How to get second derivative of state as a output of state-space model?

Question

Let's say modeling the free-falling object on state-space. Obviously, the equation of motion is a second order differential equation of the vertical position of the object. And one would normally set vertical position "x" and its derivative "x dot" as element of state to configure a state-space model. However, the output is only a linear combination of states(and input).

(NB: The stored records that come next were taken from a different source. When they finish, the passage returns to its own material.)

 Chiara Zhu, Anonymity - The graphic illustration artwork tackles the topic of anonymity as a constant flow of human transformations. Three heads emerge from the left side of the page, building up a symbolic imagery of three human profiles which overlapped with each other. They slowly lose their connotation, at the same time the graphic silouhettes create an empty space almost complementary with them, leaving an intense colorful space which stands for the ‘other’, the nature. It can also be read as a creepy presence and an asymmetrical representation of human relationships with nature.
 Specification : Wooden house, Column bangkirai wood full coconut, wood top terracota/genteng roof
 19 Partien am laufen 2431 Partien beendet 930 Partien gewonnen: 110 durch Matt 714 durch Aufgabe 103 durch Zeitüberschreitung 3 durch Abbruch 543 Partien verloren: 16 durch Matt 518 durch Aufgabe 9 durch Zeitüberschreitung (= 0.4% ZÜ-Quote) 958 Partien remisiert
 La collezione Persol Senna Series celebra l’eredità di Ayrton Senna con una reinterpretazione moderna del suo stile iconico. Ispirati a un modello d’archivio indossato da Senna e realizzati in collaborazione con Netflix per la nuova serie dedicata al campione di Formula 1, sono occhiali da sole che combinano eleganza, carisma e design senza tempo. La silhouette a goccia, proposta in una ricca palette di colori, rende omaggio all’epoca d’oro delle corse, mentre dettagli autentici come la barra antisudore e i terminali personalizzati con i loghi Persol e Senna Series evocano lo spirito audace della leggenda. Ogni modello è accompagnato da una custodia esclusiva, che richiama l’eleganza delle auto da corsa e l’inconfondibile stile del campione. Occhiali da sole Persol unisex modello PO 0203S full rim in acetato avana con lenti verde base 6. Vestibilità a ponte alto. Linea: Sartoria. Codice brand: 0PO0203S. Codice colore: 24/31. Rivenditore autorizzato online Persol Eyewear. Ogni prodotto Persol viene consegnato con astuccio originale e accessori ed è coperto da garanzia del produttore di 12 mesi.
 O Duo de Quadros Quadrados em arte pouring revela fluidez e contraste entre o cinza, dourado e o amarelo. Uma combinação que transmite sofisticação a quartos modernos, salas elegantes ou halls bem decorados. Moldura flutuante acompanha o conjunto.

In this case what would be the best option to get "acceleration" or second derivative "x double dot" as an output?

This is quite a basic question, but can't find a good example.

Edit)
Consider a falling ball with vertical force F and positional sensor y. How can I represent an additional acceleration sensor "y_2" on the model below?

$$\begin{matrix} \dot{x} \\ \ddot{x} \end{matrix} = \begin{matrix} 0 & 1 \\ 0 & 0 \end{matrix} *\begin{matrix} x \\ \dot{x} \end{matrix} + \begin{matrix} 0 & 0 \\ 1/m & -1 \end{matrix}*\begin{matrix} F \\ g\end{matrix}$$ $$\begin{matrix} y \end{matrix} = \begin{matrix} 1& 0 \end{matrix}*\begin{matrix} x \\\dot{x} \end{matrix} + 0 *\begin{matrix} F \\ g\end{matrix}$$

Answer 1

An ideal acceleration sensor can be modeled using the original equation itself.

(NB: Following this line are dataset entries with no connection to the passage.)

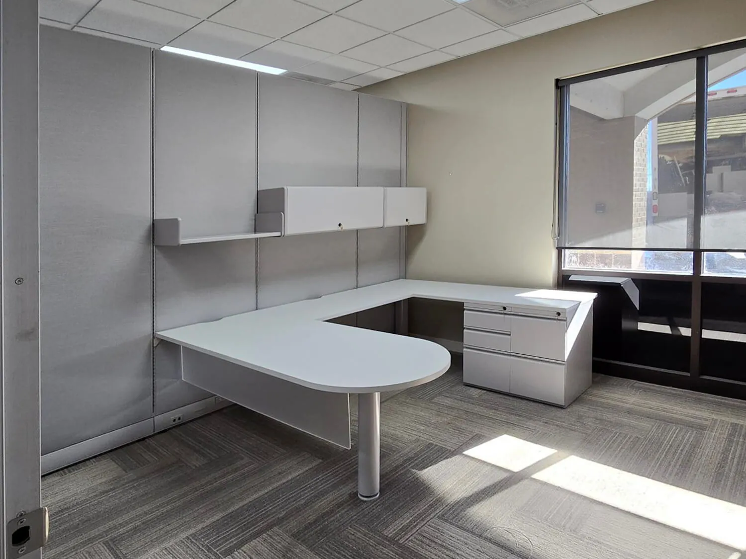 Each private office area was furnished with a U shaped office desk, offering ample workspace and a sleek, organized look. To complement the office workstations, we incorporated ergonomic task chairs for employee comfort and guest office chairs for visitors, enhancing both function and style. Additionally, we provided smart office storage solutions, including overhead storage units and a box box file pedestal, ensuring that employees have easy access to essential materials while keeping a clutter-free workspace.
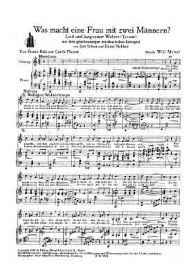 Was macht eine Frau mit zwei Männern - Noten für Klavier und Gesang Walzer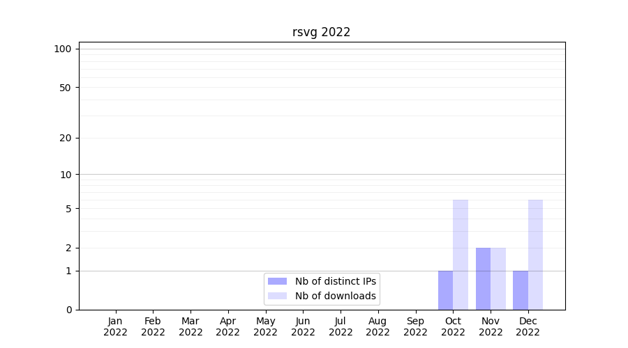 Number of downloads for software package rsvg, year by year, from 2025 back to 2014 (years with no downloads are omitted):

$$ a = Cx+ Du = \begin{pmatrix} 0 & 0 \end{pmatrix} \begin{pmatrix} x\\ \dot{x} \end{pmatrix} + \begin{pmatrix} 1/m & -1 \end{pmatrix} \begin{pmatrix} F\\g \end{pmatrix} $$

Attach the above C and D matrices as the second row of the corresponding matrices in your original output equation. The original output equation represented an ideal position sensor. Now the augmented output equation represents a position sensor (Ist row) and an acceleration sensor (IInd row).

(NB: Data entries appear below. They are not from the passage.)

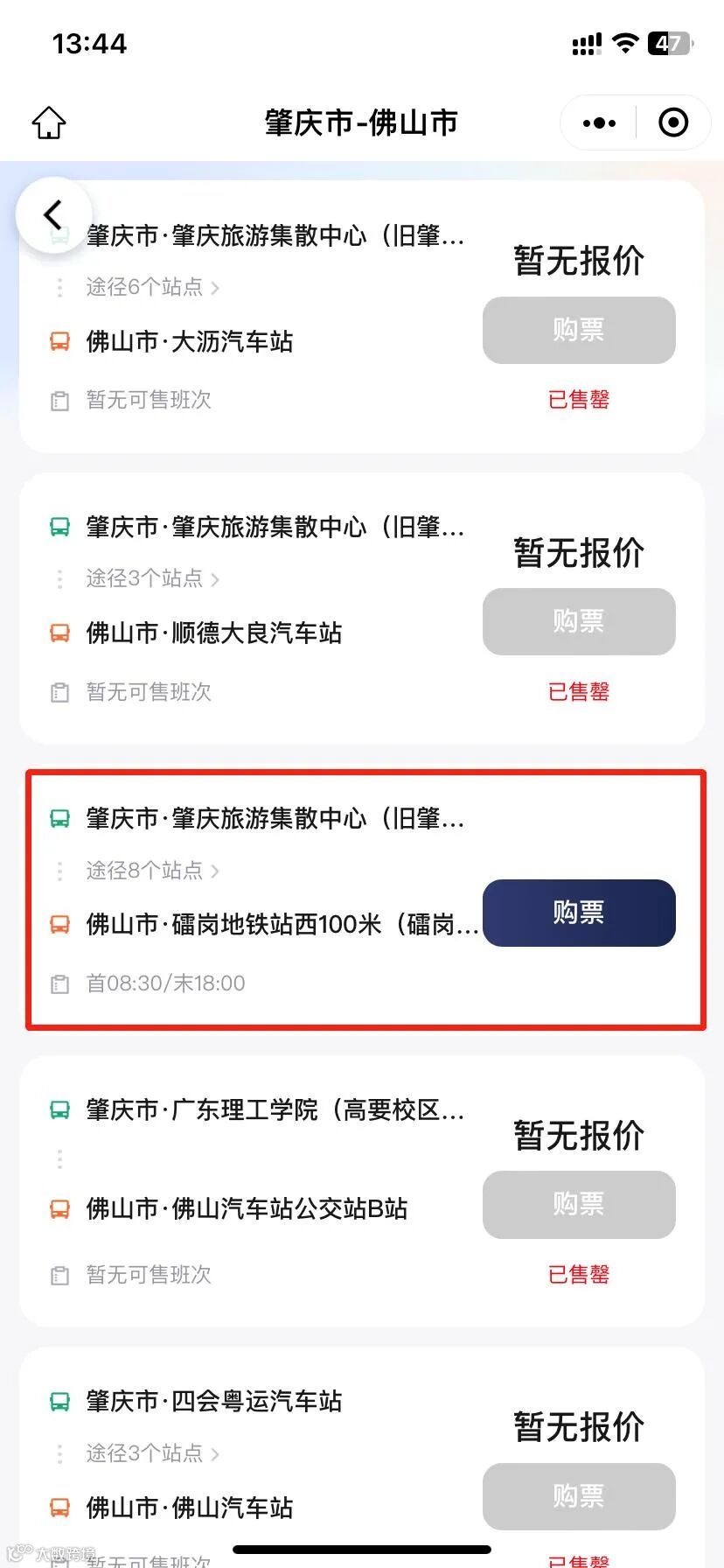 ►佛山回程发班时间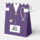 Medical-themed party favour boxes for doctor graduation party, featuring purple hospital scrubs. Edit text to personalise for medical school graduation celebrations.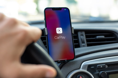 Closeup mans hand holding Iphone with Apple carplay logo on the screen in the car, September 2020, Prague, Czech Republic.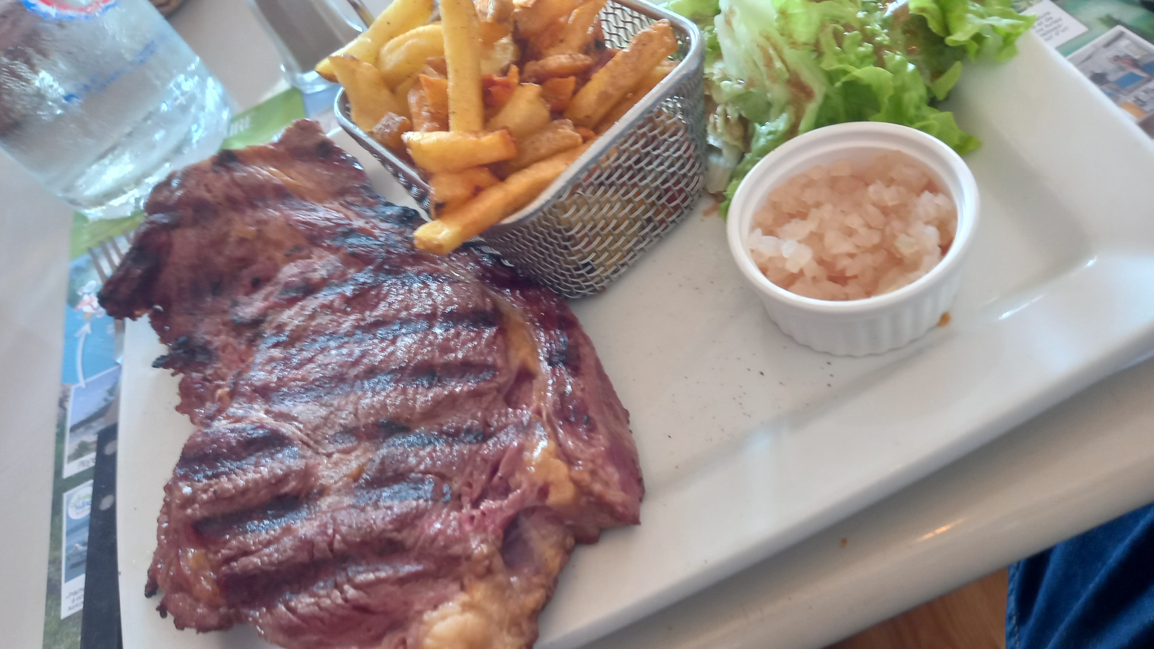 Malgré la gentillesse de la serveuse ne pas pouvoir proposer deux places à l'ombre c'est un peu dommage. Côté nourriture un tartare frites à 15.00€ aurait été correct sauf que le hachis de frites ce n'est pas à la hauteur de ce genre d'endroit. Dommage

$$ y_1 = \begin{pmatrix} y\\ a\end{pmatrix} = \begin{pmatrix} 1 & 0\\ 0 & 0 \end{pmatrix} \begin{pmatrix} x\\ \dot{x} \end{pmatrix} + \begin{pmatrix} 0 & 0\\ 1/m & -1 \end{pmatrix} \begin{pmatrix} F\\g \end{pmatrix} $$

The above is for an ideal sensor. If you want to estimate the acceleration, you may need an estimator which uses the measured states and the inputs and outputs an estimate. If you want to model a non ideal sensor, you will need the above equations as well as additional states and inputs to model the bandwidth, bias, noise etc. of the non ideal sensor.